Skip any pictures. Repeat the data exactly, from its first line through the line that holds "中新網1月29日電 據內蒙古", both included.

(Records from a dataset)

══════════════════════════════

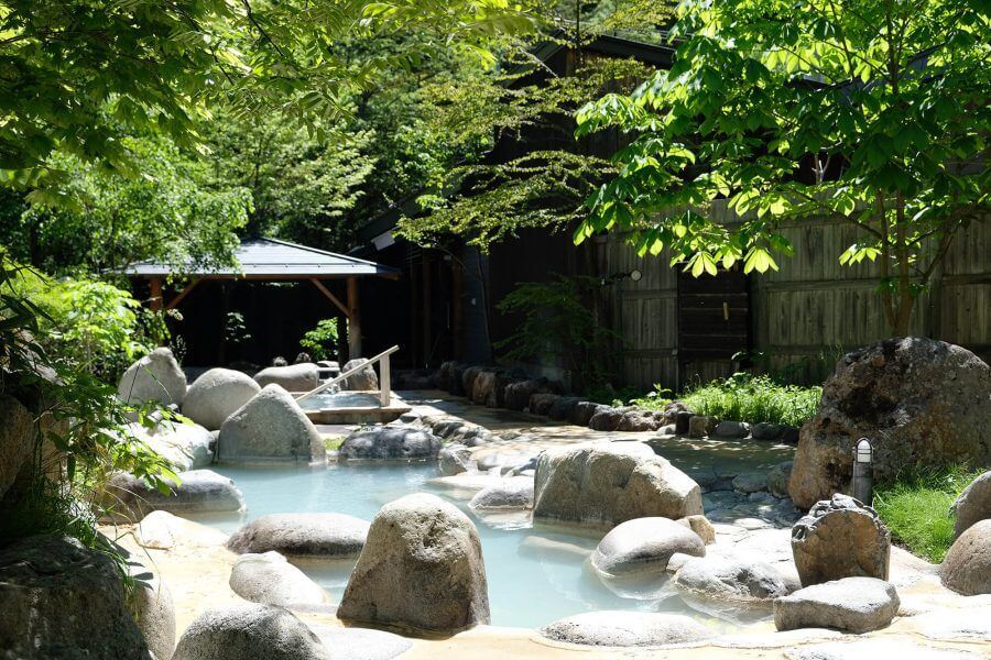 平湯温泉でシンボル的な温泉施設となる「平湯の森」は広大な敷地に男女合わせて16つの露天風呂があり、森林浴と温泉浴を同時に楽しむ事ができ、築300年以上の古民家を移築した合掌造りの休憩処やレストラン、宿泊棟、コテージなども兼ね備えた温泉リゾートです。
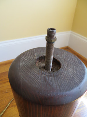 Push wire through lamp base and center of threaded rod. Attach any hardware that was on bottom of rod before you took it apart. Mine had a bolt and large washer.
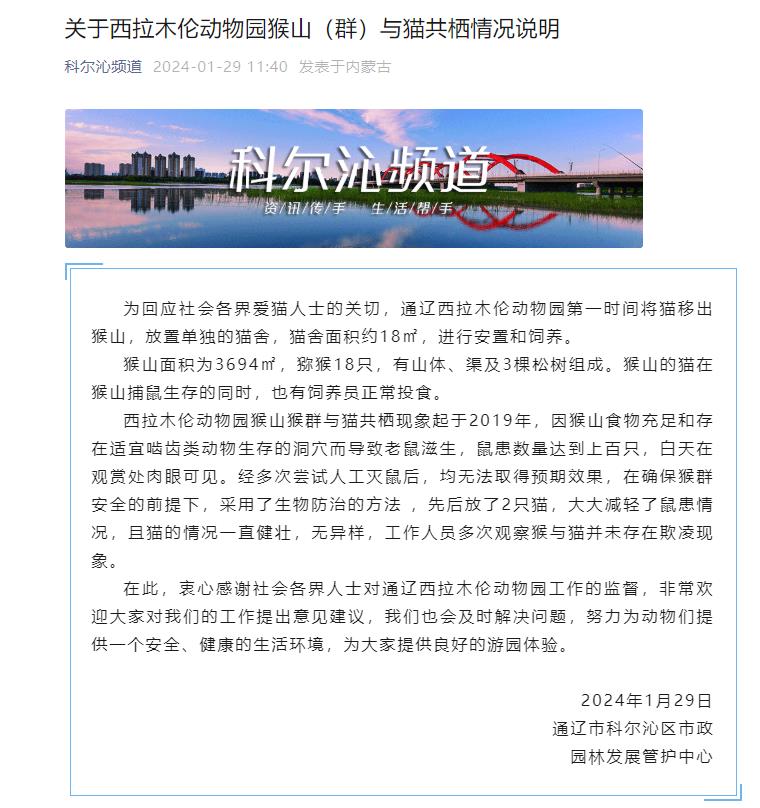 中新網1月29日電 據內蒙古通遼市科爾沁區融媒體中心微信公眾號消息,通遼市科爾沁區市政園林發展管護中心29日發布《關于西拉木倫動物園猴山(群)與貓共棲情況說明》(下稱“情況說明”)。情況說明顯示,通遼西拉木倫動物園已第一時間將貓移出猴山,且貓的情況一直健壯,無異樣,工作人員多次觀察猴與貓并未存在欺凌現象。全文如下:
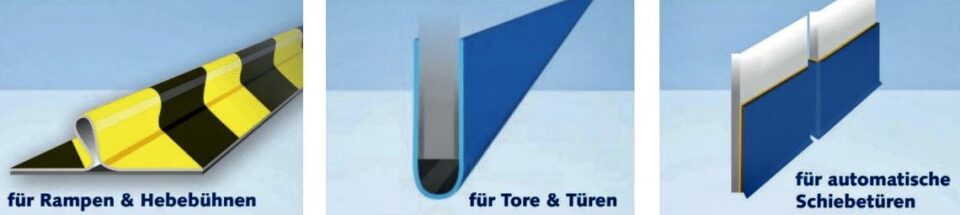 Spaltabdichtungen sind die langlebige Möglichkeit, Spalten an Türen und Toren in Industrie, Handel und Gewerbe abzudichten. Sie bestehen aus einem hygienischen, wasserfesten Spezialgewebe mit äußerst robuster und glatter Oberfläche. An einer oder zwei Längsseiten ist das Spezialgewebe mit Magnetbändern versehen, die für eine kinderleichte Montage sorgen. Ganz gleich ob Ladebrücke, Rolltor, Falttor oder Sektionaltor, Tür oder automatische Schiebetür – die Spaltabdichtungen sind mit ihren vielen Vorteilen im Handumdrehen angebracht. Sie schließen – anders als herkömmliche Bürstendichtungen oder Gummidichtungen – Spalten von 4 bis zu 55 mm stufenlos und zugluftdicht ab.
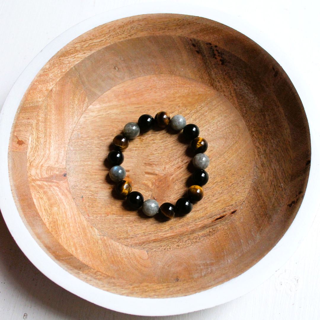 Très beau bracelet en perles roulées, qu’on peut porter en synergie avec d’autres pierres comme l’hématite. La tourmaline aide à surmonter les difficultés de la vie, à changer ce qu’on peut  et donne le courage d’accepter ce qu’on ne peut pas changer. Elle permet de faire la paix avec son passé et d’identifier l’origine de certains blocages souvent liés à l’enfance. Les blessures émotionnelles des expériences passées se transforment en douce guérison. Pierre d’ancrage, la tourmaline brune donne le sens des responsabilités et une pleine conscience de la réalité. L’œil de tigre est une pierre associée à la protection, au courage et à la confiance en soi. La Labradorite quant à elle, est extrêmement protectrice en absorbant le négatif mais aussi en étant un bouclier à part entière. La Labradorite protège à la fois du négatif environnant et à la fois en l’absorbant jusqu’à ce qu’il soit totalement dissout. Un cadeau puissant de protection à tous les niveaux à faire ou à se faire.
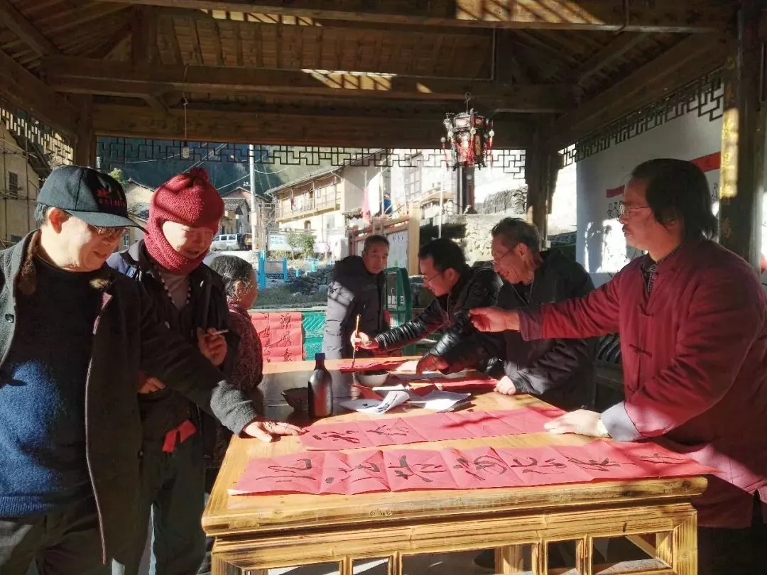“憶往昔安岱歲月,看今朝老區(qū)振興”“根據(jù)地灶臺(tái)紅火,安岱后農(nóng)家致富”“安岱后山青水秀,百姓家日子火紅”這是洪關(guān)旺等松陽史志人用心走心為革命老區(qū)安岱后人民創(chuàng)作的部分春聯(lián)。寫對(duì)聯(lián)活動(dòng)從1月23日上午10:00一直持續(xù)到下午4:00,共創(chuàng)作書寫了120余對(duì)對(duì)聯(lián),村民們都很喜歡這些具有本土特色的春聯(lián),希望史志辦的同志來年還能到安岱后為他們寫上幾對(duì)特色春聯(lián)。史志工作者不僅寫春聯(lián)用心走心,老區(qū)安岱后的其他
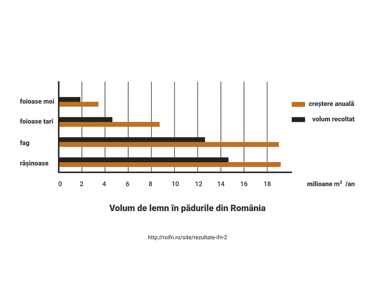 În pădurile din România cresc anual aprox. 58,6 mil. m3 de lemn12, din care este recoltat un volum total de 38,7 mil. m3
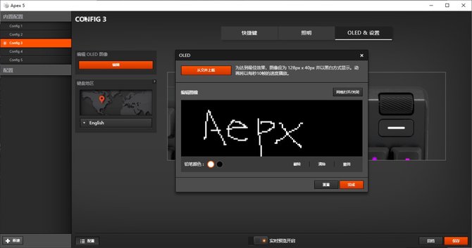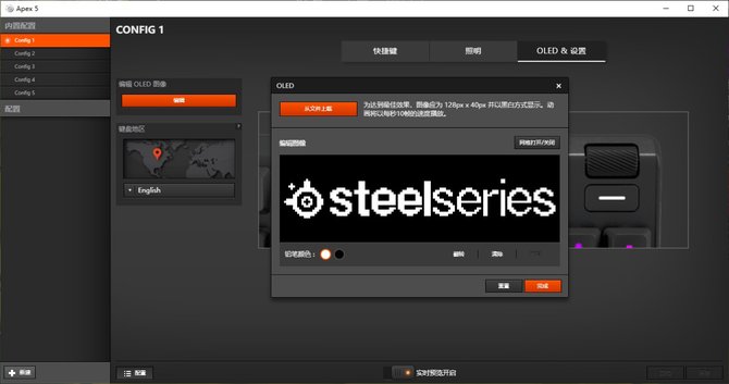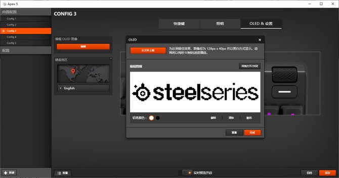 用户可以通过SteelSeries Engine 3软件对键盘的灯效、OLED显示屏等进行设置,包括完全手动自定义的图案或文字,都可显示在OLED上。
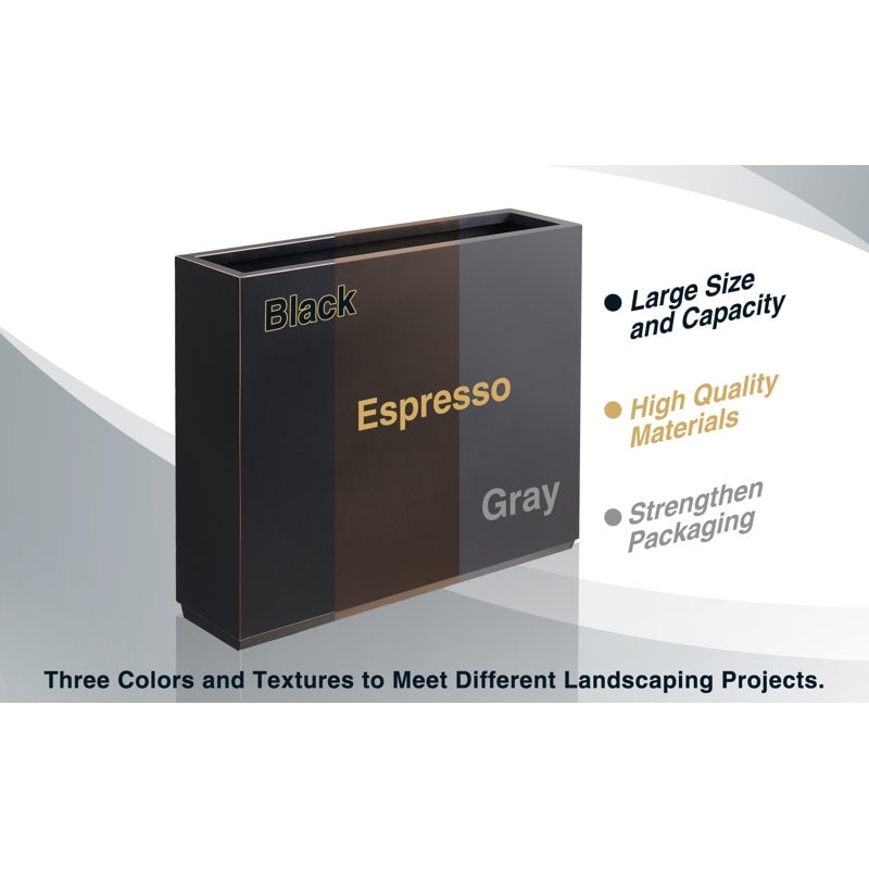 Whether it’s your room, your patio, or the lackluster entrance wall of your home, this metallic series indoor/outdoor box planter—with its perfect balance of design, durability, and convenience—features a low modern design that is the perfect fit for elevating your outdoor decor or residential and commercial settings to a whole new level. It is crafted from full seam welded, thick gauge powder-coated galvanized steel with a furniture-quality finish, which gives the planter its flexible, impact, crack, and scratch-resistant qualities. To top it off, it is equipped with an optional drainage hole to drive out excess water easily.

══════════════════════════════

_Reply to the task:_
 平湯温泉でシンボル的な温泉施設となる「平湯の森」は広大な敷地に男女合わせて16つの露天風呂があり、森林浴と温泉浴を同時に楽しむ事ができ、築300年以上の古民家を移築した合掌造りの休憩処やレストラン、宿泊棟、コテージなども兼ね備えた温泉リゾートです。
 Push wire through lamp base and center of threaded rod. Attach any hardware that was on bottom of rod before you took it apart. Mine had a bolt and large washer.
 中新網1月29日電 據內蒙古通遼市科爾沁區融媒體中心微信公眾號消息,通遼市科爾沁區市政園林發展管護中心29日發布《關于西拉木倫動物園猴山(群)與貓共棲情況說明》(下稱“情況說明”)。情況說明顯示,通遼西拉木倫動物園已第一時間將貓移出猴山,且貓的情況一直健壯,無異樣,工作人員多次觀察猴與貓并未存在欺凌現象。全文如下:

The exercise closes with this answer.